Without Backup Plans, Global IT Outages Will Recur

The global IT outage that occurred on Friday, which affected services from banking to healthcare and grounded aircraft, has been experienced before

It will recur until more contingencies are implemented in networks, and organizations establish more effective backup plans.

The outage on Friday resulted from an update that CrowdStrike, a cybersecurity firm based in the United States, distributed to its clients early Friday morning. This update was incompatible with Microsoft’s Windows operating system, rendering devices worldwide inoperable.

Some industry analysts have questioned whether control over such operationally critical software should remain in the hands of a handful of companies, as CrowdStrike has one of the largest segments of the highly competitive cybersecurity market that provides such tools.

However, the disruption has also prompted apprehension among experts regarding the fact that numerous organizations are inadequately equipped to execute contingency plans if a single point of failure, such as an IT system or a component thereof, is failing.

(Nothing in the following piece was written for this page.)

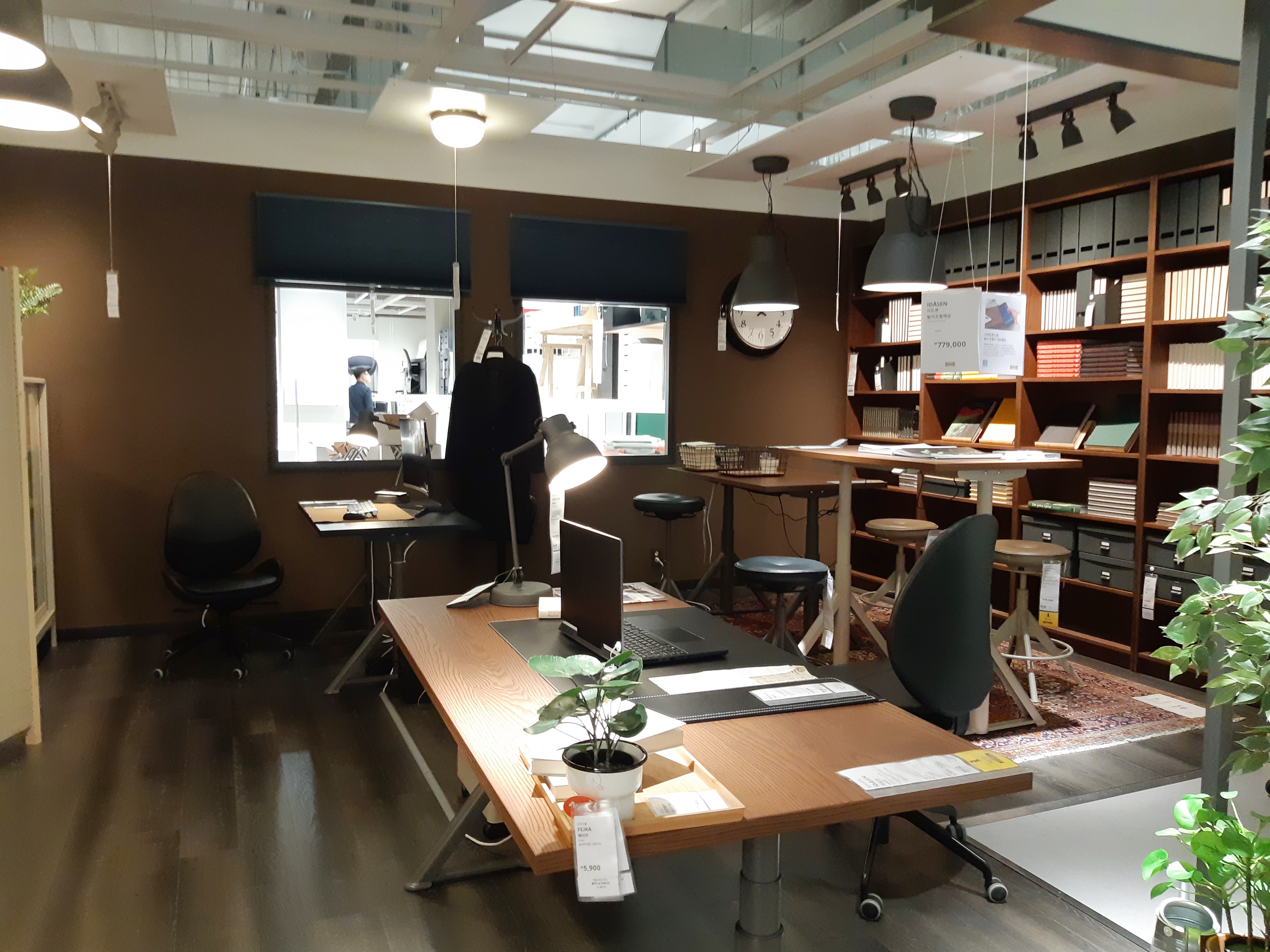 높낮이가 버튼으로 조정이 되는 책상들이었고 약간 중후한 멋이 있는 스타일에 서재와

Simultaneously, increasingly solvable digital catastrophes are on the horizon, including the “2038 Problem,” the largest global IT challenge since the Millennium Bug and is just under 14 years away. This time, the world is infinitely more reliant on computers.

“It is effortless to assume that this is catastrophic and subsequently advocate for a more diverse market, which is precisely what we would have in an ideal world,” stated Ciaran Martin, the former director of the National Cyber Security Centre (NCSC) of the GCHQ intelligence agency in the United Kingdom.

“We are adept at overseeing the safety aspects of technology in the context of automobiles, trains, planes, and machines.” He also mentioned that we are not particularly adept at providing services.

He stated about the recent ransomware incident that impacted Britain’s National Health Service (NHS), “Look at what happened to the London health system a few weeks ago – they were hacked, and that led to loads of canceled operations, which is physically dangerous.”
Martin advised organizations to examine their IT systems and guarantee that they have sufficient failsafes and redundancies to remain operational during an outage.

The outage on Friday occurred amid a perfect tempest, as Microsoft and CrowdStrike possess substantial market shares that depend on their respective products.

“I am confident that regulators worldwide are reviewing this.” Nigel Phair, a cybersecurity professor at Monash University in Australia, stated that there is minimal competition on a global scale for operating systems and large-scale cybersecurity products such as those offered by CrowdStrike.

A passenger in Ahmedabad reads a message after attempting to use a self-check-in kiosk at a departure area at Sardar Vallabhbhai Patel International Airport due to a global IT disruption.

Airlines were notably affected by the outage on Friday, as they were compelled to rush to check in and board passengers reliant on digital tickets to travel. Some travelers shared photographs of handwritten boarding cards distributed by airline personnel on social media. Some individuals could only fly if they had printed out their tickets.

“I believe organizations of all sizes and shapes must conduct a thorough assessment of their risk management and adopt an all-hazards approach,” stated Phair.

Epochalypse Now

By Friday’s outage, the world will not be reminded of its dependence on computers and IT products for the last time in operating fundamental services. In approximately 14 years, the world will encounter a computer issue that is time-based and analogous to the Millennium Bug, known as the “2038 Problem.”
Early computers could save costly memory space by only counting the last two digits of the year, which resulted in the Millennium Bug, or “Y2K.” Consequently, many systems could not differentiate between 1900 and 2000, resulting in critical errors.

In the years preceding 2000, the global expense for mitigating the issue amounted to hundreds of billions of dollars.
The “Epochalypse” or 2038 problem, which commences at 0314 GMT on January 19, 2038, is, in essence, the same dilemma.

The “Epoch,” also called the number of seconds since midnight on January 1, 1970, is when numerous computers use a metric to measure the passage of time.
The maximum number of bits that can be stored in many computers is 2038, even though those seconds are recorded as a finite sequence of zeroes and ones, or “bits.”

Ciaran Martin, the former director of the NCSC, stated, “We are currently experiencing significant global disruption due to our administrative inability to manage the situation.”
“We can manage safety, but we cannot manage service provision when critical networks are disrupted.”